Does there exist an f(x) minimum first-degree polynomial with integer coefficients, such that for any x integer number, f(x) is prime?
Any help would be appreciated!
No!
Proof by reductio ad impossibile.
Suppose that there is exist such polynomial $\displaystyle f(n)$.
$\displaystyle f(n)=a_kn^k+...+a_1n+a_0$
Let now $\displaystyle n=n_0$ such that $\displaystyle f(n_0)=p$, when $\displaystyle p$ is prime.
Let now be $\displaystyle t\in\mathbb{N}$, and let us look at:
$\displaystyle f(n_0+tp)=a_k(n_0+tp)^k+...+a_1(n_0+tp)+a_0$
$\displaystyle =a_kn_0^k+...+a_1n_0+a_0+pQ(t)$
$\displaystyle =f(n_0)+pQ(t)$
$\displaystyle =p+pQ(t)=p(1+Q(t))$
$\displaystyle Q(t)$ is polynomial with integer coefficients.
So, $\displaystyle p\mid{f(n_0+tp)}$, but $\displaystyle f(n)$ is generates primes only, therefor $\displaystyle f(n_0+tp)=p$ for all integer $\displaystyle t$.
Now, from the fact that polynomial can't have the same value more than $\displaystyle k$ times, we get the contradiction!
Here some interesting polynomials:
$\displaystyle f(n)=110,437+13,860n$ when $\displaystyle n=0,1,...,10$ then $\displaystyle f(n)$ is prime...
Also(famous one):
$\displaystyle f(n)=n^2+n+41$
There are many such functions. For example, Riemann gave an explicit formula for the number of primes less than $\displaystyle x$. A prime-yielding formula can be easily constructed from this.

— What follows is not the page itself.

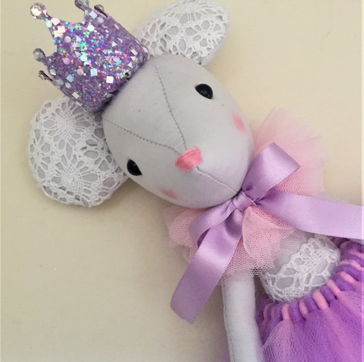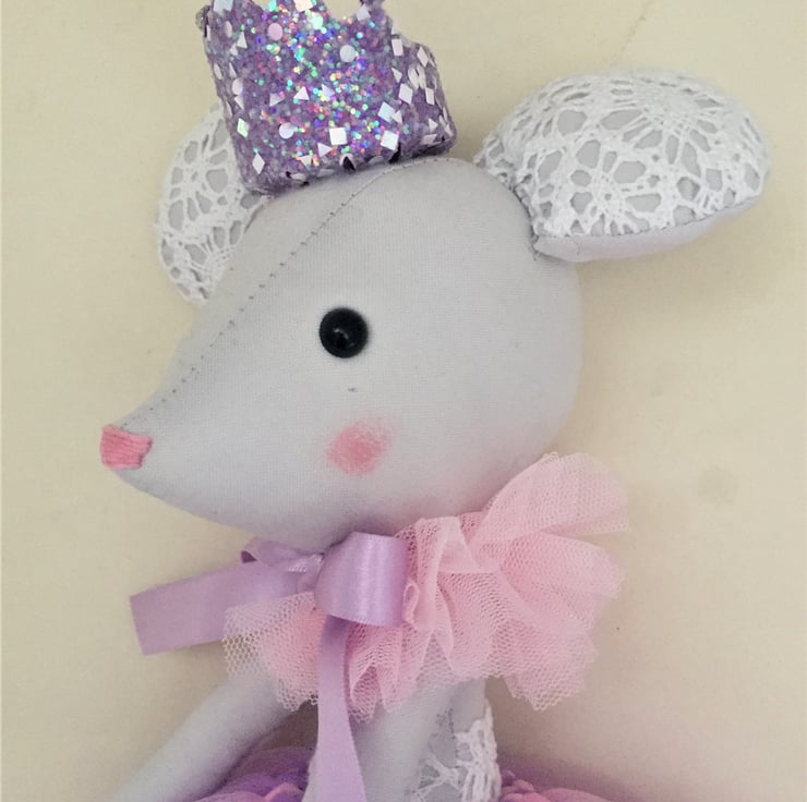 Ballerina mouse with sparkly crown and pretty tutu. Handmade with love and care from the best quality fabrics and stuffed with polyester fibrefill.

There is also a positive constant $\displaystyle A$, known as Mill's constant, such that $\displaystyle \lfloor A^{3^n}\rfloor$ is prime for every $\displaystyle n$. It's about $\displaystyle 1.306...$ if the Riemann hypothesis is correct. It yields the sequence of primes $\displaystyle 2, 11, 1361, 2521008887, ...$.
Also, the simple recurrence relation $\displaystyle a_1=7, a_{n+1}=a_n+\mbox{gcd}(a_n,n)$ generates only primes.
There is no reason why any given kind of "formula for primes" could not exist. It is a popular belief that there is no such thing; I've even heard non-mathematicians claim it, as if it were some kind of established result. I don't believe the OP was asking a silly question at all, because there do exist many such formulae.
Here's another proof that no non-constant polynomial with integer coefficients yields only primes. Let $\displaystyle c=f(0)$ be the constant term of this polynomial. It's quite easy to see that $\displaystyle f(mc)$ is divisible by $\displaystyle c$ for every integer $\displaystyle m$.